◆ What to work on: Further down are entries; set down exactly and only the lines from the one with "United Postal Union" up to and including the one with "This paper explores", dropping each picture.

Recorded information: Begin

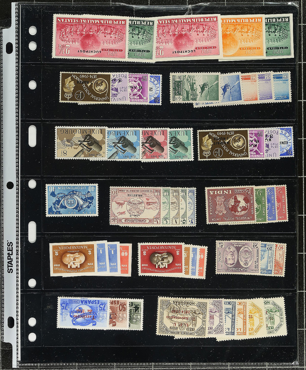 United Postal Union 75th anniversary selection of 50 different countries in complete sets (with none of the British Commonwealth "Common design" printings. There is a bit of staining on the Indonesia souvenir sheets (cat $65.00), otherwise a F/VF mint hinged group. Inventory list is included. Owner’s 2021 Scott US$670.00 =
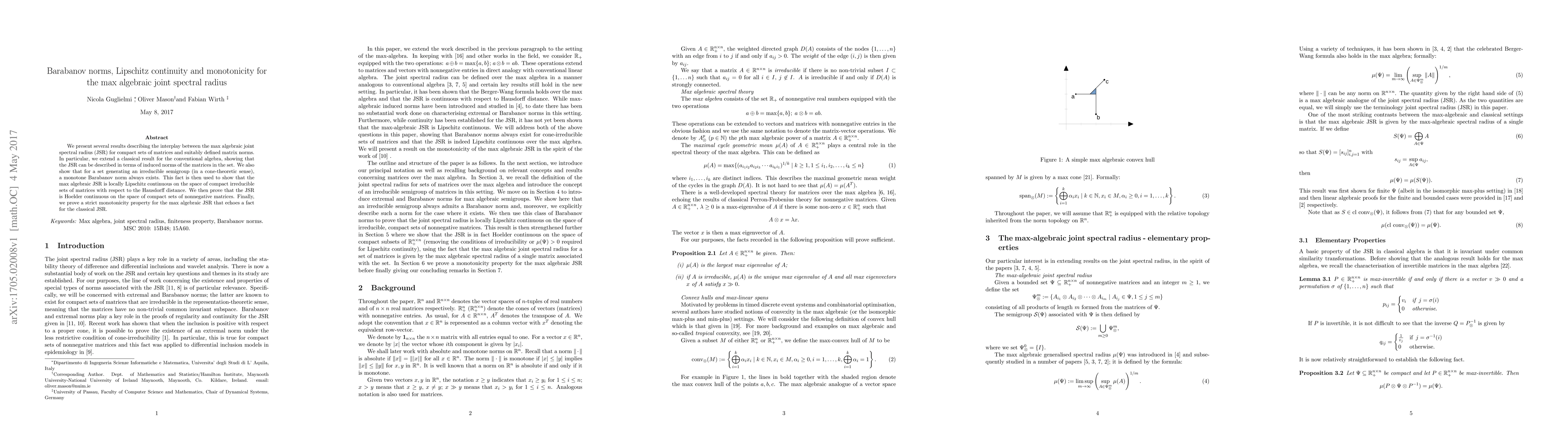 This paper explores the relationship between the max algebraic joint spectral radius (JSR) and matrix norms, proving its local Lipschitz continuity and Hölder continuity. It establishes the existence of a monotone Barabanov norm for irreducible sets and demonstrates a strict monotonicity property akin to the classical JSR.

Recorded information: End
Recorded information: Begin

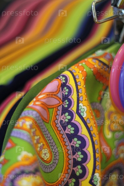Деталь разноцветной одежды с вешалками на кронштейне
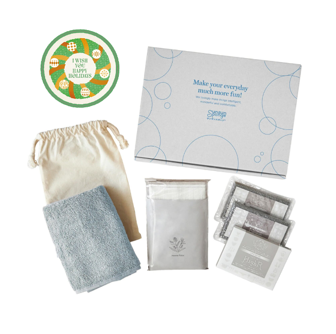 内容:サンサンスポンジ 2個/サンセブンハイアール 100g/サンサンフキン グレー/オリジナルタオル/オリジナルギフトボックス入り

Recorded information: End

◆ Answer box:
 United Postal Union 75th anniversary selection of 50 different countries in complete sets (with none of the British Commonwealth "Common design" printings. There is a bit of staining on the Indonesia souvenir sheets (cat $65.00), otherwise a F/VF mint hinged group. Inventory list is included. Owner’s 2021 Scott US$670.00 =
 This paper explores the relationship between the max algebraic joint spectral radius (JSR) and matrix norms, proving its local Lipschitz continuity and Hölder continuity. It establishes the existence of a monotone Barabanov norm for irreducible sets and demonstrates a strict monotonicity property akin to the classical JSR.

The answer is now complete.